The Audubon Society has an excellent field guide with hundreds of real life, color photographs. Peterson's is good as well. However, I have a liking for the guides written around the turn of the century. We have one titled "How To Know The Wild Flowers", written by a Mrs. William Starr Dana. Not only is her expertise in botany intensely accurate and complete, her descriptions of the plants are very entertaining. It isn't just a field guide, it's a literary masterpiece. The edition we have was published in 1912, but I believe the first edition was in 1900.


----------



## OldFashionedMama (Jun 18, 2009)

I'VE FOUND IT!!!!! I'VE FOUND THE PLACE!!!!!!!...

unfortunately it is located in Mill Creek Park. My husband and I took a walk on a remote path yesterday evening and found it overflowing on the bank of a stream that feeds into Lake Newport. The entire area is a wild food goldmine, loaded with blackberries, elderberries, river grapes, and who knows what else. 

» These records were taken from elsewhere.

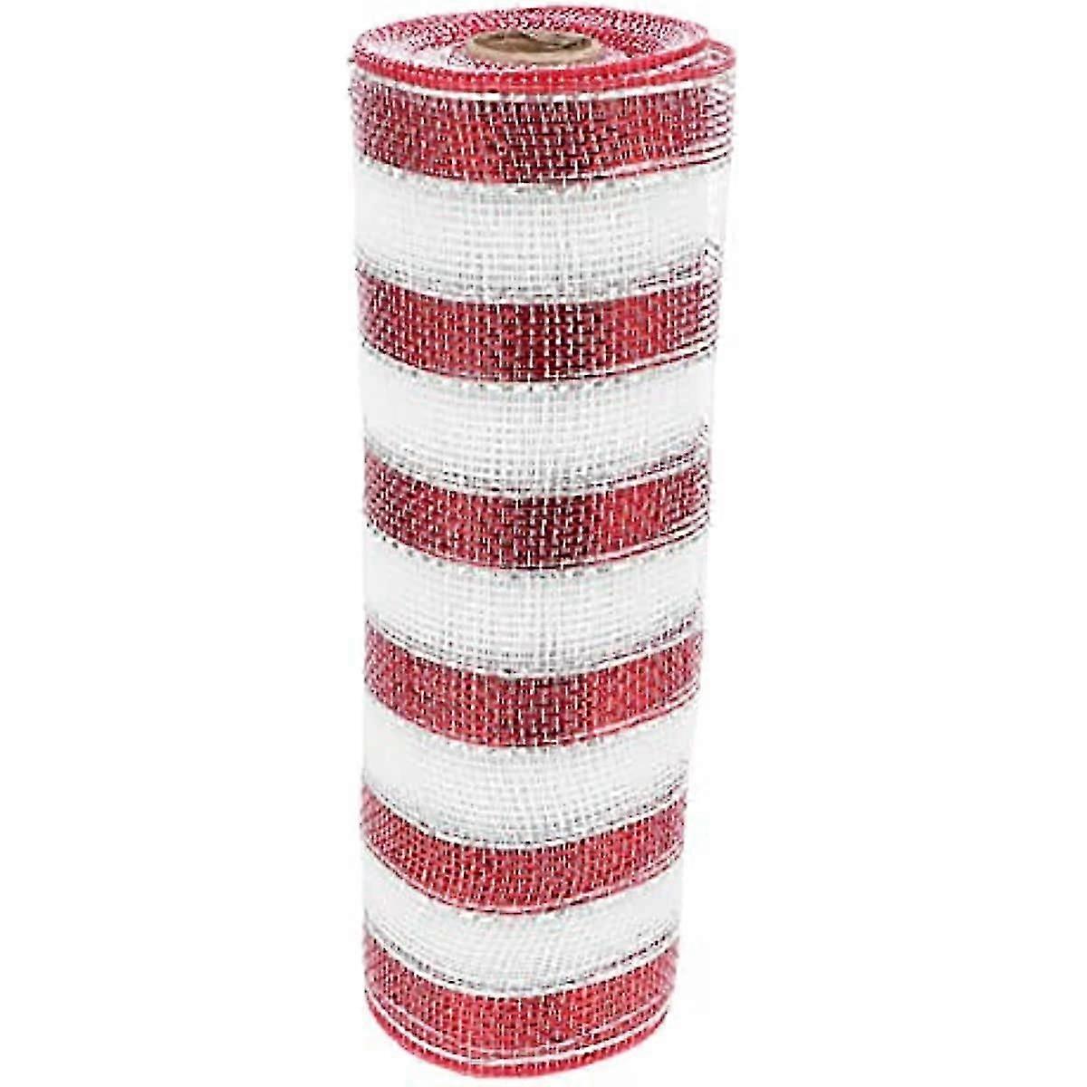 HEALLILY 1 Roll Christmas Poly Mesh Ribbon Metallic Red and White Stripe Foil Ribbon Decorative Craft Ribbon for DIY Wreath Pendant Christmas Tree Emb
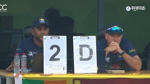 सामन्यादरम्यान श्रीलंकेचे प्रशिक्षक ख्रिस सिल्वरवूड आणि संघाचे ऍनालिस्ट ड्रेसिंग रूममधून सिक्रेट कोड पाठवताना दिसले आहेत. सोशल मीडियावर व्हायरल फोटोंमध्ये दिसते की, सिल्वरवूड संघाच्या ऍनालिस्टसोबत मिळून ड्रेसिंग रूममधून मैदानातील खेळाडूंना सूचक इशारा करत आहेत. त्यांच्यापुढील टेबलवर ‘2डी’ असे लिहिलेल्या दोन पाट्या दिसत आहेत. सध्या याचे काही फोटो सोशल मीडियावर व्हायरल होताना दिसत आहे.
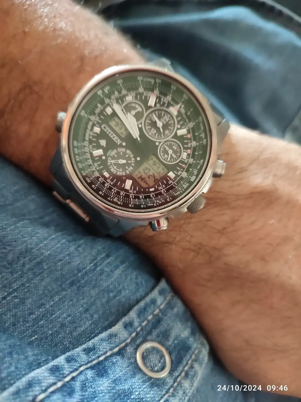 A mi pasa lo mismo, lo tengo desde hace un mes y solo lo he sacado una vez, me pierdo para ver la hora, a mis años, esto es demasiado moderno, en fín veremos si nos acostumbramos, sino lo venderemosCada vez me gusta menos este reloj pero es el único más informal que tengo por el momento. Aunque no lo crean todavía veo la hora en el reloj y en este no puedo
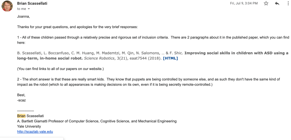 This is a bit late regarding the date of the reply, but I am still so excited to share Professor Brian Scassellati’s email response!
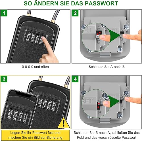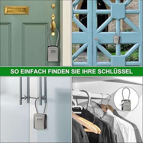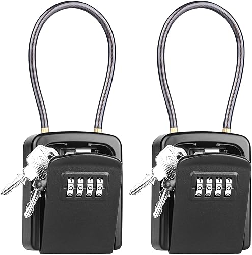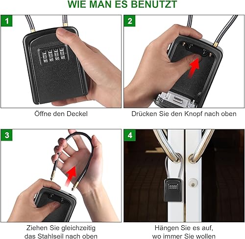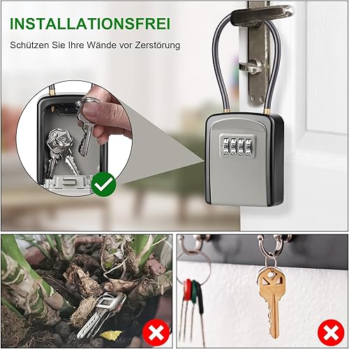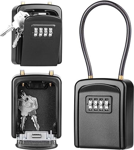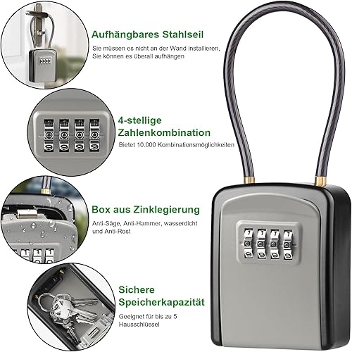 Diyife Schlüsseltresor mit Abnehmbares Kabel, Wasserdichter Schlüsselkasten Schlüsselbox für den Außenbereich, Aufhängbare Kombination Schlüsselsafe für Zuhause, Garage, Schule - Schwarz

In previous experiences dealing with the park, I know they are rather hostile to anyone picking anything and will fine you or ban you from the park if you are caught. However, this area is so hidden away the chances of anyone seeing us would be low. It's pretty swampy and gross back there, and it didn't look like many people used this path. But at least I know where to go...


----------



## lanahi (Jun 22, 2009)

I live in a place with a wild area in back that is a virtual garden of Eden. You can stand in one place without moving and pick three different kinds of fruits! I've found three elderberry trees among them. I would try planting some of the berries and try to get them to grow.


----------